Sampler Plate: This Week in Food Blogs

Categories: Leftovers

Each week, we put together a sampler plate of the most interesting links from both local and national food blogs. Know a blog we should be paying particular attention to? Leave the address in the comments section below.

29-95: The Chron's Greg Morago, pulling double-duty over at 29-95, has the scoop on why BRC Gastropub's chef Jeff Axline gave himself the axe. His resignation is effective November 13, after which the restaurant hopes to take a new direction with its food under the direction of owner Lance Fegen: "a little lighter and little less kitschy." Hmm. Could our recent review have had anything to do with that?

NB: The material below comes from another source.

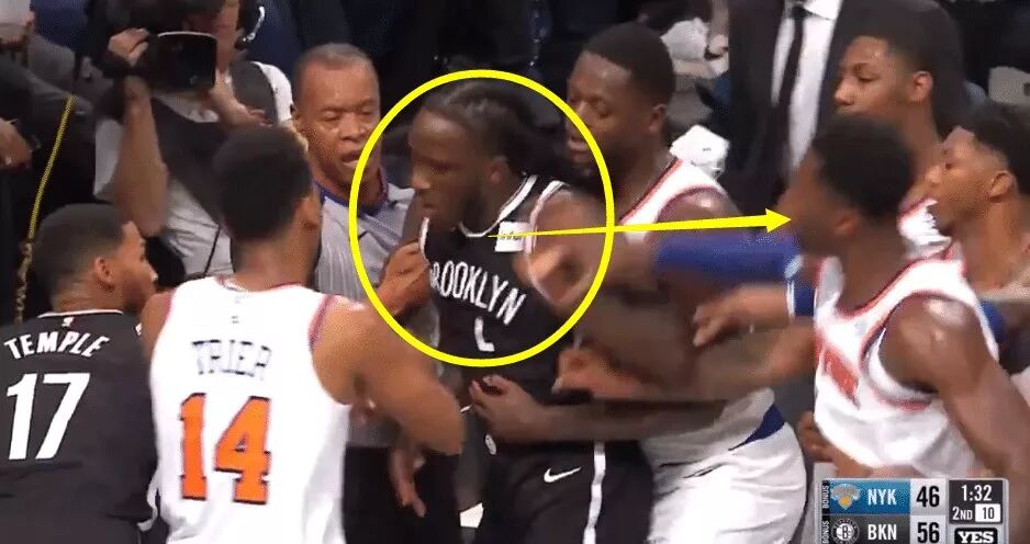 尽管杜兰特赛季报销,但是欧文率领的篮网队实力仍高出尼克斯不少,首节比赛篮网队凭借主场优势32-23领先对手9分,第2节比赛双方打的很焦灼,不过篮网这边除了欧文之外,勒韦尔、普林斯和哈里斯都有不错的发挥,他们也是一直保持着10分以上的领先优势,不过在这节还剩下1分32秒的时候,两队球员发生了一次大规模的冲突!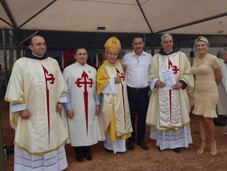 V. Ex.ª Revma Arcebispo Dom Milton Santos preside Santa Missa e abençoa a pedra fundamental da construção do Centro Mariano dos Arautos do Evangelho em Cuiabá- localizada no Rodoanel Norte próximo ao Brasil Beach. Contou com autoridades civis e religiosas, membros missionários da Obra e parte do povo de Deus. Entre as autoridades  V. Ex.ª Revma Arcebispo Dom Milton, V. Revma Padre Mauricio Sucena EP, V. Revma Padre Max Adriano EP, V. Revma Padre Colombo EP, Secretário de meio ambiente Sr Joarez Samaniego (representando a prefeitura de Cuiabá) e o Vereador Luis Claudio Sodre.

CultureMap: Caroline Gallay brought herself to do what we couldn't: investigate Midtown's newest attempt at attracting the Russian mafia bar. It specializes in vodka and has a river of ice carved into the bar, from which you can select garnishes for the chilled vodka it serves on tap. God help us all.

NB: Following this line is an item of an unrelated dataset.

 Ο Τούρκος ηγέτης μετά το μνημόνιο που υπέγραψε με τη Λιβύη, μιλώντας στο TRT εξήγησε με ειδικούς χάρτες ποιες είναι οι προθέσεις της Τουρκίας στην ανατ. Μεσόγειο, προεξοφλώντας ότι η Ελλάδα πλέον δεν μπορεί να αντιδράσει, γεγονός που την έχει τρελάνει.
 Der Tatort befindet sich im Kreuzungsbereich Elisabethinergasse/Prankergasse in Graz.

Blog of an Aspiring Foodie: Now onto something you can actually use this fall: Instructions from Chris on how to make your very own hard apple cider at home. Cheers.

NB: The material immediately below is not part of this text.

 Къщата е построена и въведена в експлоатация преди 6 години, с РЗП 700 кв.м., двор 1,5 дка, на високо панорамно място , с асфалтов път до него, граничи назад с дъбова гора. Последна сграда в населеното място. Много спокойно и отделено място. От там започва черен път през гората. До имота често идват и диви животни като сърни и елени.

Dude, You Going To Eat That?: Dr. Ricky asks a question this week that most people don't think about on a daily basis. That is: Does a cake have to be baked to be a cake?

Houston Foodie: Hot pot was apparently on the brain of our collective hive mind yesterday (we food writers all share one collective consciousness -- you didn't know?) as Chris Reid also investigated the wonders of that great communal meal, hot pot. I'll leave you with a belly- and heart-warming quote from his post today:

All kinds of conversation comes up as you slowly eat and drink; negotiations, queries, and goodwill offerings are part of the process: "Is that my bok choy?" "No, I put it in there a couple minutes ago, but you have it, I'll cook some more." The give-and-take, the cooperative cooking, the leisurely pace, and the inevitable laughing and conversation are undoubtedly restorative and good for our chi, such as it is, in both mind and body.